- **Task item**
Of the entries below, return only those lines from the line with "Dieses Gutachten (ABE)" to the line with "Celebrate summer in", exactly, both included.

- **Provided records**

.....

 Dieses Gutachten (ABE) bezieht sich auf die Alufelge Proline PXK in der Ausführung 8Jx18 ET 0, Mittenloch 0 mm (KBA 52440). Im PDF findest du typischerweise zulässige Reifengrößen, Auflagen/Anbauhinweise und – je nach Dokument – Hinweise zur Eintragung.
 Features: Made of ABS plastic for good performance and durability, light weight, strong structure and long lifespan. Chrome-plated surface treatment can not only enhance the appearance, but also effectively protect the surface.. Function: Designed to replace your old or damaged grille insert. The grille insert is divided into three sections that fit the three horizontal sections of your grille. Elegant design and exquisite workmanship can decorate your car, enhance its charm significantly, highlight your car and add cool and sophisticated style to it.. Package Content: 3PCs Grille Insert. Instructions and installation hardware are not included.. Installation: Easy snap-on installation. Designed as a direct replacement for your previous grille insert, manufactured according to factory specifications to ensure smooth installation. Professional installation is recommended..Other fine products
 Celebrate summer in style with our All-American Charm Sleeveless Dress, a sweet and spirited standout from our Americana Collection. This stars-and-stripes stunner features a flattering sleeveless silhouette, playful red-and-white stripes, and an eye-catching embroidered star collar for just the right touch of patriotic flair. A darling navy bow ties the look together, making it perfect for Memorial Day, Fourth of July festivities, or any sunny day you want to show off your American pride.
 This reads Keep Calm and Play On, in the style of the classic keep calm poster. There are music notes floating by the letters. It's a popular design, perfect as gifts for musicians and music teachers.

.....

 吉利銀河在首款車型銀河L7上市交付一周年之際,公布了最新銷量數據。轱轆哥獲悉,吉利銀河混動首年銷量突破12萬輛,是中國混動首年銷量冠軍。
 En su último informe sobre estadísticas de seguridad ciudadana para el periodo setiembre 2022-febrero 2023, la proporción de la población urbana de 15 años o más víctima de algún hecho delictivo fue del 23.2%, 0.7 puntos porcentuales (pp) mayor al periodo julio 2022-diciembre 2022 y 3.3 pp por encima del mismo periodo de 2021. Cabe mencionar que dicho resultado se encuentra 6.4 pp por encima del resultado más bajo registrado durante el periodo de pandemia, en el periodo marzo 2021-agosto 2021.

.....

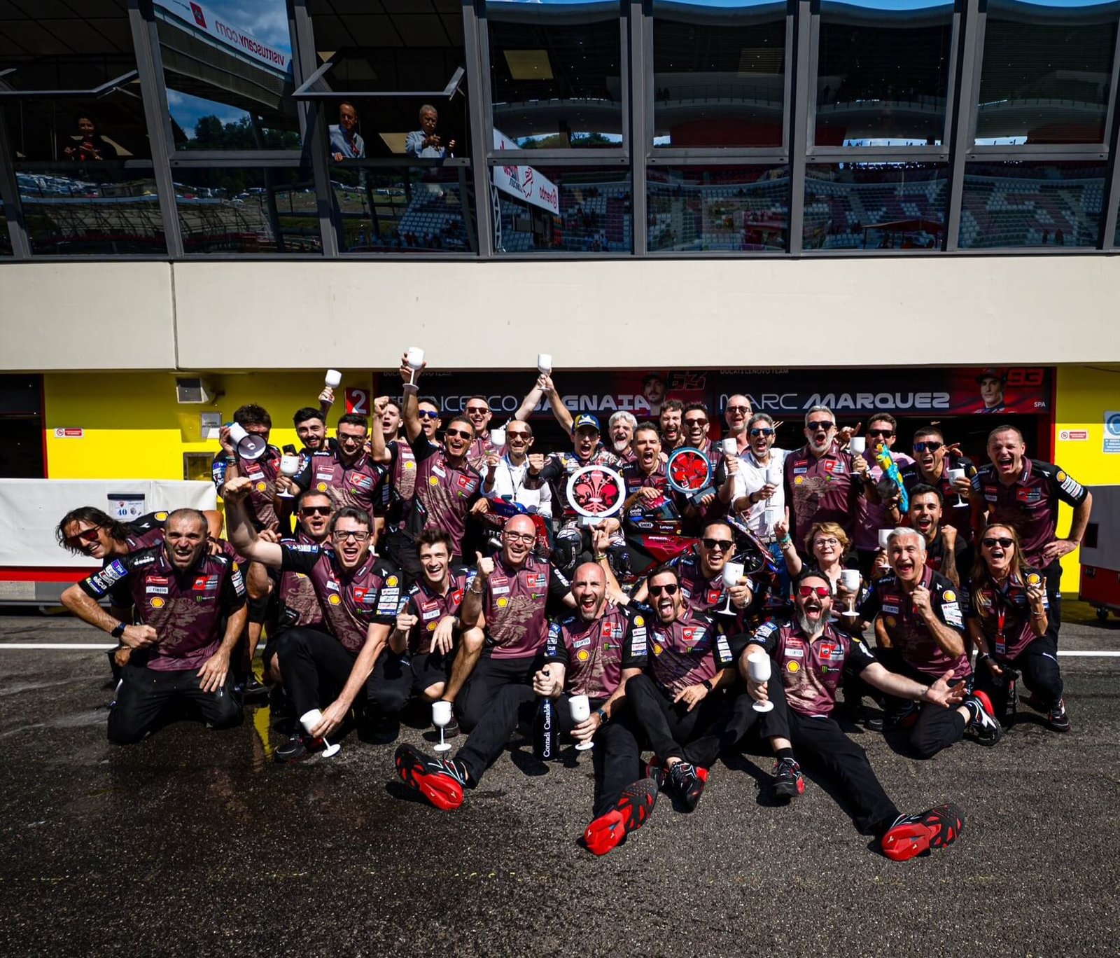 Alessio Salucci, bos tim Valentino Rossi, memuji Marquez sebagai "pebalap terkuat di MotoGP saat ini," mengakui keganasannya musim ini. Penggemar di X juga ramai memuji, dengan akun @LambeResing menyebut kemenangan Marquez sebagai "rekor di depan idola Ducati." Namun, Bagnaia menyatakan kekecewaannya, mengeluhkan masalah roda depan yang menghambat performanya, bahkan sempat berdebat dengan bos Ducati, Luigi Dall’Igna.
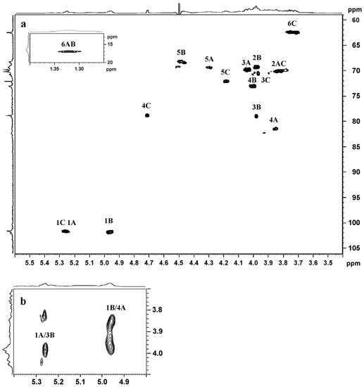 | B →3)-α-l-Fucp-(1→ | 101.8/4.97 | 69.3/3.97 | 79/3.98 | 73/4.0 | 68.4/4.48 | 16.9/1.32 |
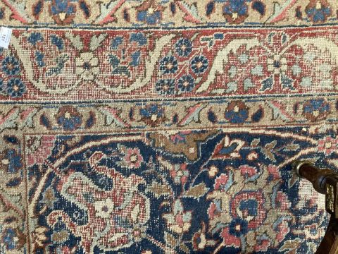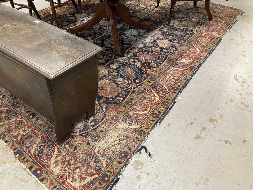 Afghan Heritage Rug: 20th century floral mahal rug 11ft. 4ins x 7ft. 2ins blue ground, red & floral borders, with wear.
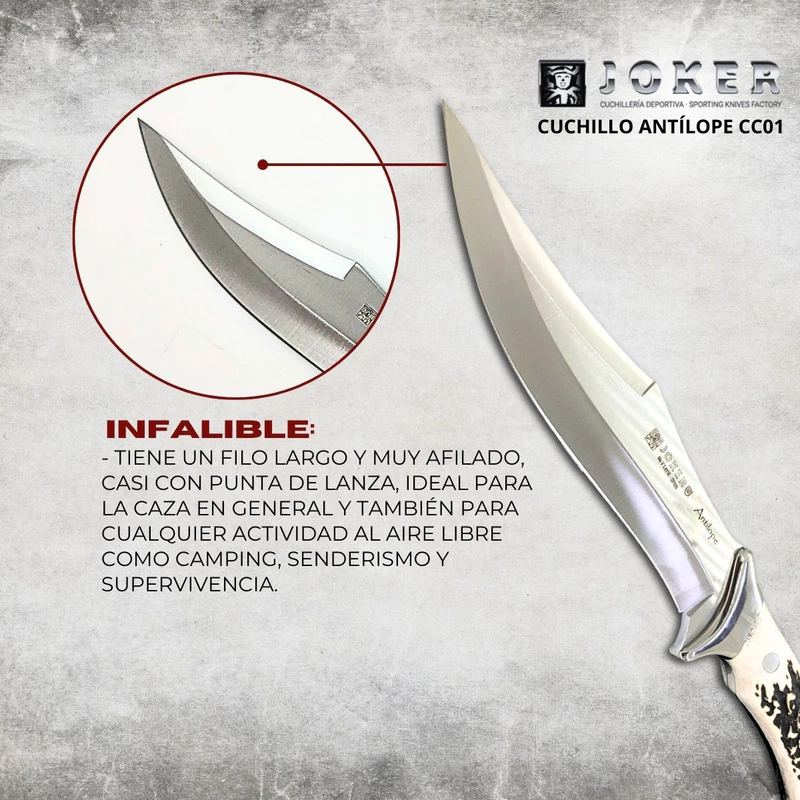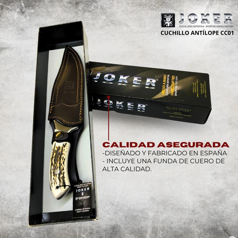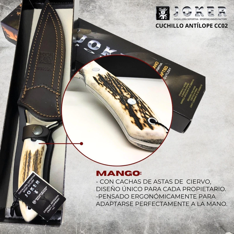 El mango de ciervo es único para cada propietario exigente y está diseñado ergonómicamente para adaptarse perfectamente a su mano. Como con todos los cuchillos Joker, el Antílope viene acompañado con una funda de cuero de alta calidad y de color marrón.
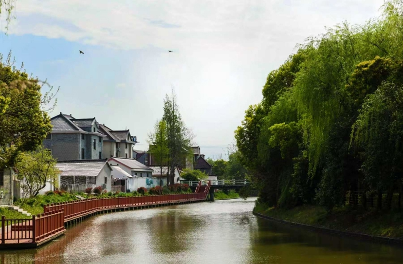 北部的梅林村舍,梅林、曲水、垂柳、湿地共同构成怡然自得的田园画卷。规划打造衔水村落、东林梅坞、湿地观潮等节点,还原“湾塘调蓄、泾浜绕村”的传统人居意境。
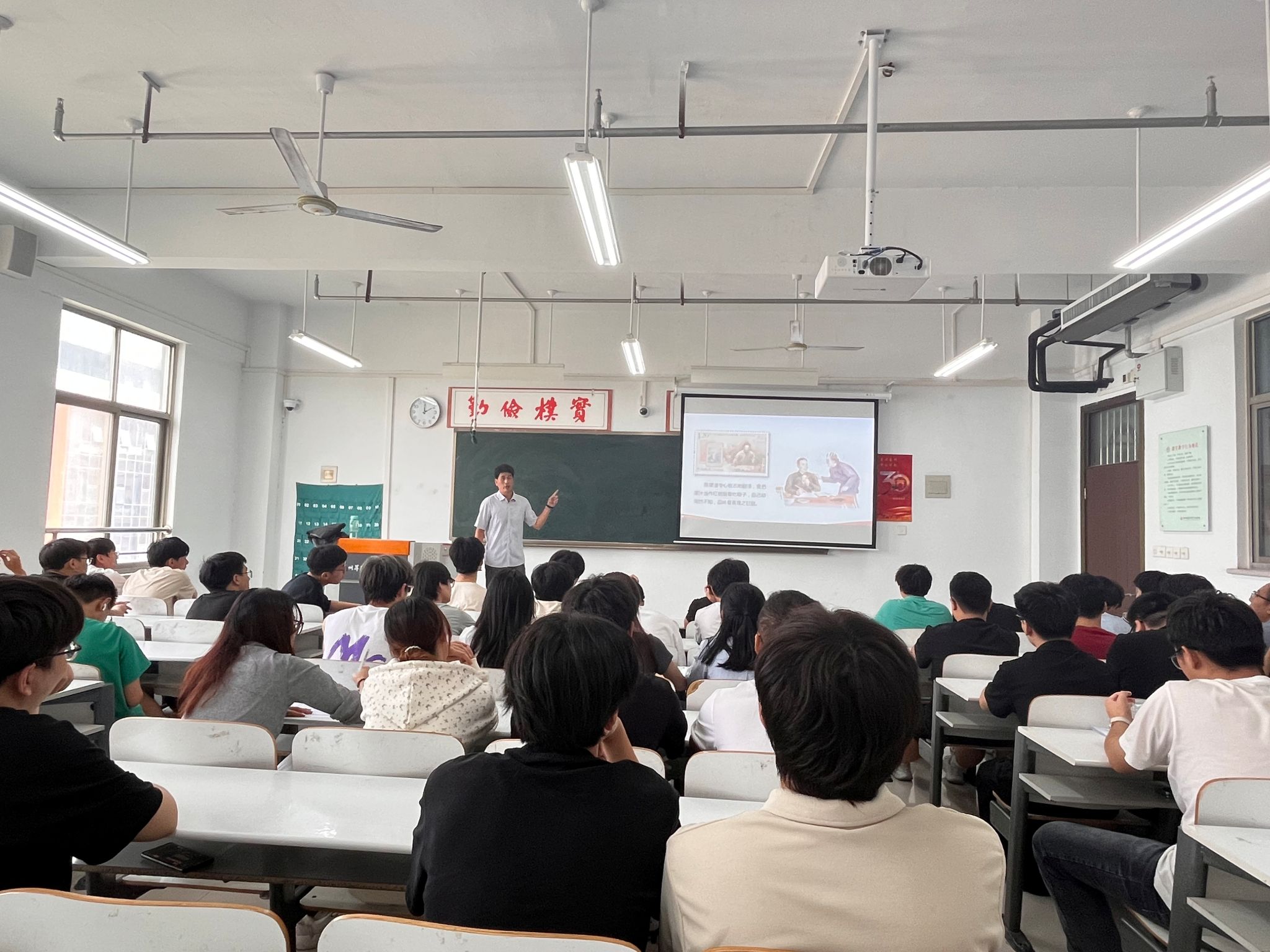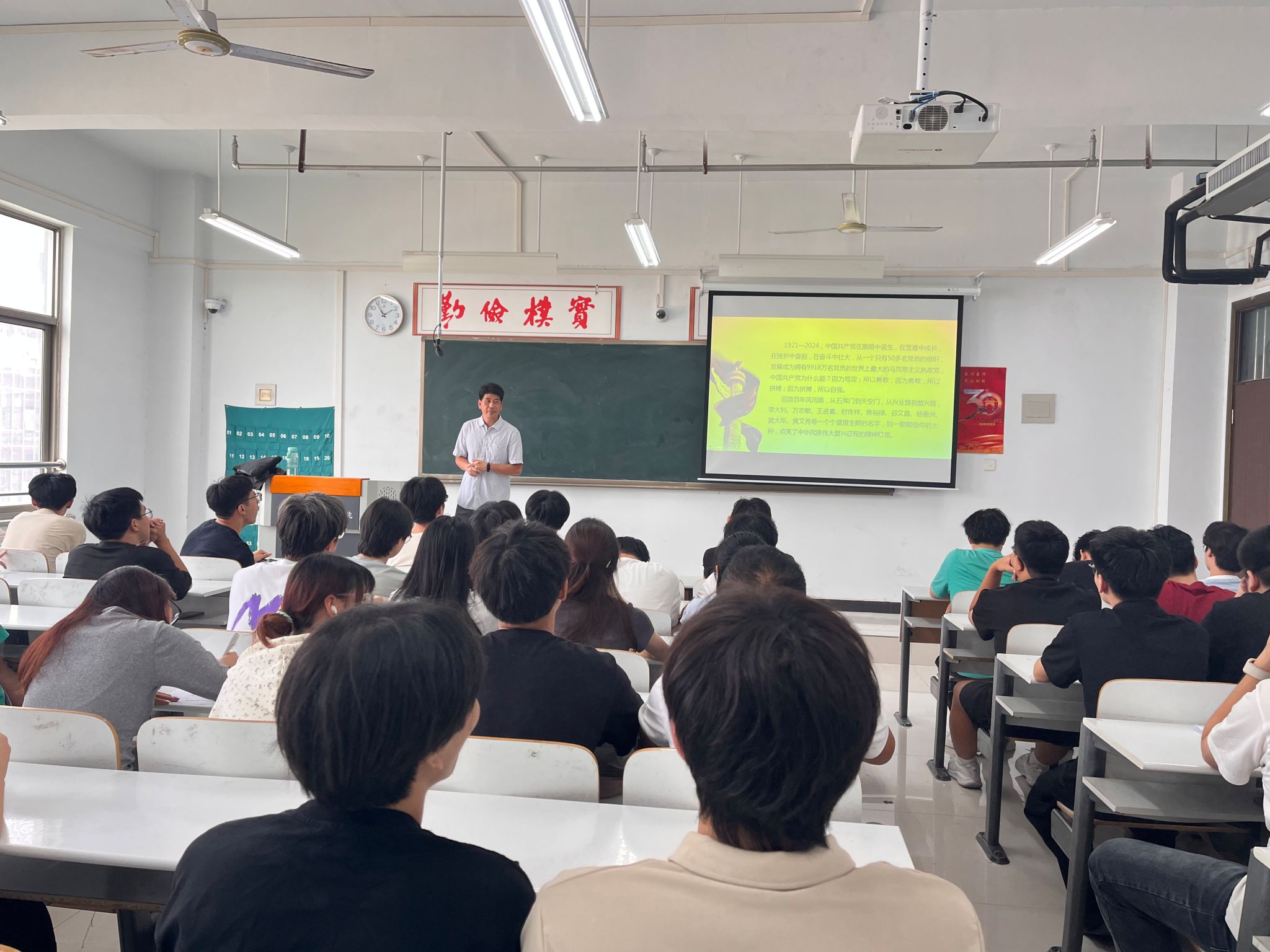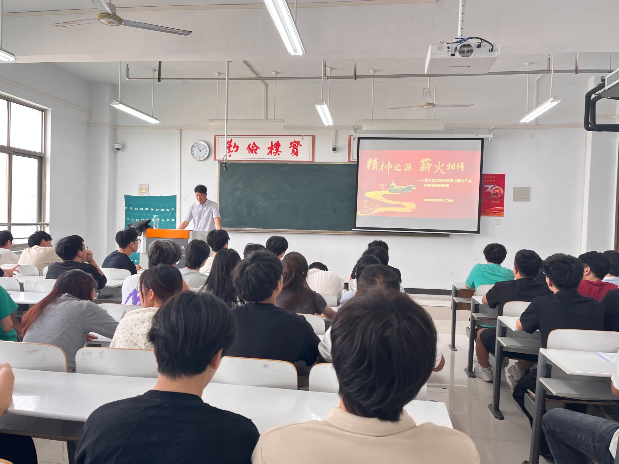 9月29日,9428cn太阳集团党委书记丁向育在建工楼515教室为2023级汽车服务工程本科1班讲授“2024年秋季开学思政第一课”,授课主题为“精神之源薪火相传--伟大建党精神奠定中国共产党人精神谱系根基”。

.....

- **The answer**
 Dieses Gutachten (ABE) bezieht sich auf die Alufelge Proline PXK in der Ausführung 8Jx18 ET 0, Mittenloch 0 mm (KBA 52440). Im PDF findest du typischerweise zulässige Reifengrößen, Auflagen/Anbauhinweise und – je nach Dokument – Hinweise zur Eintragung.
 Features: Made of ABS plastic for good performance and durability, light weight, strong structure and long lifespan. Chrome-plated surface treatment can not only enhance the appearance, but also effectively protect the surface.. Function: Designed to replace your old or damaged grille insert. The grille insert is divided into three sections that fit the three horizontal sections of your grille. Elegant design and exquisite workmanship can decorate your car, enhance its charm significantly, highlight your car and add cool and sophisticated style to it.. Package Content: 3PCs Grille Insert. Instructions and installation hardware are not included.. Installation: Easy snap-on installation. Designed as a direct replacement for your previous grille insert, manufactured according to factory specifications to ensure smooth installation. Professional installation is recommended..Other fine products
 Celebrate summer in style with our All-American Charm Sleeveless Dress, a sweet and spirited standout from our Americana Collection. This stars-and-stripes stunner features a flattering sleeveless silhouette, playful red-and-white stripes, and an eye-catching embroidered star collar for just the right touch of patriotic flair. A darling navy bow ties the look together, making it perfect for Memorial Day, Fourth of July festivities, or any sunny day you want to show off your American pride.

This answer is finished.